Liverpool 4 Portsmouth 1:These are testing times indeed for Liverpool's owners, Tom Hicks and George Gillett. Not only have their grand stadium designs been scaled down amid a struggle to secure funds for whatever might materialise in Stanley Park in 2011 but the gagging order imposed on Rafael Benitez is not as watertight as they had thought.
The Liverpool manager left his recent meeting with the Americans acutely aware that further public criticism of their stewardship would end the job he cherishes. It is not a risk he is prepared to take. However, there are limits to the camouflage over a fundamental division between a manager with lofty ambitions and owners anxious to minimise spending while they pursue their stadium plans. The comfortable trouncing of Portsmouth exposed as much.
This victory illuminated Liverpool's place in the Premier League order. With an average team performance they convincingly defeated a Harry Redknapp side that arrived at Anfield with the best away record in the division.
With a superior display the previous weekend, Liverpool took nothing but deja vu and despondency from Manchester United's visit. How to remedy this repetitive malaise remains Benitez's fiercest challenge. His solution revealed why he remains a thorn for Gillett and Hicks, irrespective of the "misunderstanding" buried in the Anfield boardroom last weekend.
"The difference when you talk about United and Chelsea is top-class players - all of them," he explained, after Fernando Torres destroyed a threatened Portsmouth revival to aid Liverpool's recovery from defeats by United and then, in the League Cup, Chelsea.
"Tactically they were more organised. Physically, technically and tactically they are really good and that's a big difference. We know that, if we want to be closer, we have to do everything almost perfectly because there's a big difference. When you talk about spending £20 million on Torres, how many £20 million players do United have? Four or five. Why do you pay £20 million? Because they are players who can change games. If you have one or two and they have four or five, that could be the difference."
It over-simplifies Liverpool's predicament to suggest money is the only cause or cure for their title aspirations, but this was a crucial win that came as a result of Portsmouth errors but mostly through ambition in the transfer market.
Torres struck his 13th and 14th goals of the season and gave Sol Campbell a torrid afternoon. Yet another top-price player was more influential, Javier Mascherano, and the Argentinian's price continues to test the Americans' promise to sustain success at Anfield.
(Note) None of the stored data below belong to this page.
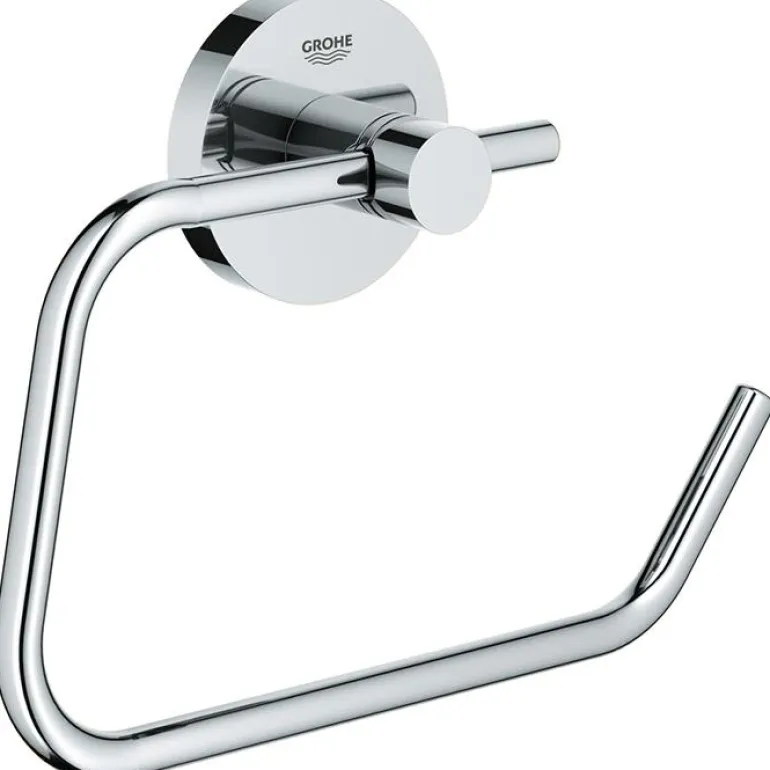 Grohe Essentials on WC-paperiteline ilman kantta. Tyylikäs ratkaisu moderniin kylpyhuoneeseen. Hohtava ja kestävä Grohe Starlight-kromipinnoite säilyttää virheettömän ulkonäkönsä vuosia.
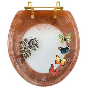 Assento Sanitário Poliéster Oval Convencional Caramelo com 4 Borboletas para todas as marcas Com Ferragem Dourada
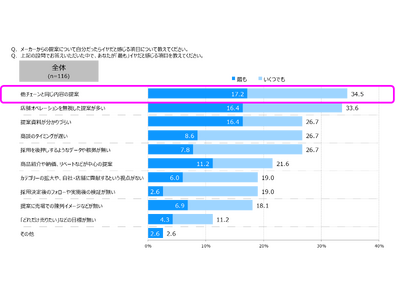 ▼メーカーからの提案について「イヤだ」と感じる内容:1位:「他チェーンと同じ内容の提案」 34.5%
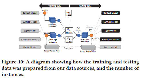 컨텍스트 모델을 학습시키려면 표지판의 부적절한 배치를 모델에 학습시키기 위해 표지판이 포함되지 않은 예(\(R_n\)로 표시)가 필요했다. 이 데이터 세트의 경우 잘린 이미지의 중심에 표지판이 포함되지 않도록 \(R_d\)에서 임의 영역을 잘랐습니다. - 데이터 세트 생성 방법과 샘플 수에 대한 요약은 아래 Figure 10에서 확인할 수 있다.

Unlike the €37 million Torres, Mascherano is not tied to a six-year contract at Liverpool and an agreement to complete his €24-million permanent signing before last month passed without resolution.
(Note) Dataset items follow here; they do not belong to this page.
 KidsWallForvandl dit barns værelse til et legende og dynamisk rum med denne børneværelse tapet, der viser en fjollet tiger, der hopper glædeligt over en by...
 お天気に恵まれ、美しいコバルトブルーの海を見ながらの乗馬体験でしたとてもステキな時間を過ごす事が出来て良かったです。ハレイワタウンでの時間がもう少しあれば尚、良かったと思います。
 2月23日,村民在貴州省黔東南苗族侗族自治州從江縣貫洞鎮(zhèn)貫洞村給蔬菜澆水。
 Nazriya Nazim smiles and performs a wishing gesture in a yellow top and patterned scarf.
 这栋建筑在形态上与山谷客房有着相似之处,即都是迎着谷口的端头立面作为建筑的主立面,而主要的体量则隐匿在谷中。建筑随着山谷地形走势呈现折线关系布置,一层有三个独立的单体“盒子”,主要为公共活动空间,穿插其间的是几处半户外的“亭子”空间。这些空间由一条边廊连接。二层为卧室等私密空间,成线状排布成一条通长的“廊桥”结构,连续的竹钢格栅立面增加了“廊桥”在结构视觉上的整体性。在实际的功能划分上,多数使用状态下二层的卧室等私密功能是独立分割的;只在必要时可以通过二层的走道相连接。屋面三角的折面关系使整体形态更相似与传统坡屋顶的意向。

The on-loan midfielder wants to stay on Merseyside but, with his future undecided and rival clubs eyeing his rare qualities, Benitez can only hope for a deal to be completed. "I really don't know," he said. "We are working together on a lot of issues and we just have to wait. It's always better to get it done as soon as possible. I have confidence he will stay."
After Torres had pierced Portsmouth's right flank and enabled Harry Kewell to cross for Yossi Benayoun to open the scoring, Mascherano came to the fore. An interception began the move that finished with a ludicrous own-goal from Sylvain Distin and, after Benjani Mwaruwari had reduced the arrears and unnerved Liverpool, a probing through-ball from the midfielder resulted in Torres' clinical finish for the third. The striker's late volley from a Steven Gerrard header polished an impressive result from an otherwise flat game.
Mascherano's destructive quality truly damaged Portsmouth, however, with one flying leap across Pape Bouba Diop reminiscent of a cheetah felling an antelope. "Mascherano is the kind of player you want as a holding midfielder," added Benitez. "He doesn't need to score a lot of goals, just give balance for the rest of the team." And a headache to Gillett and Hicks.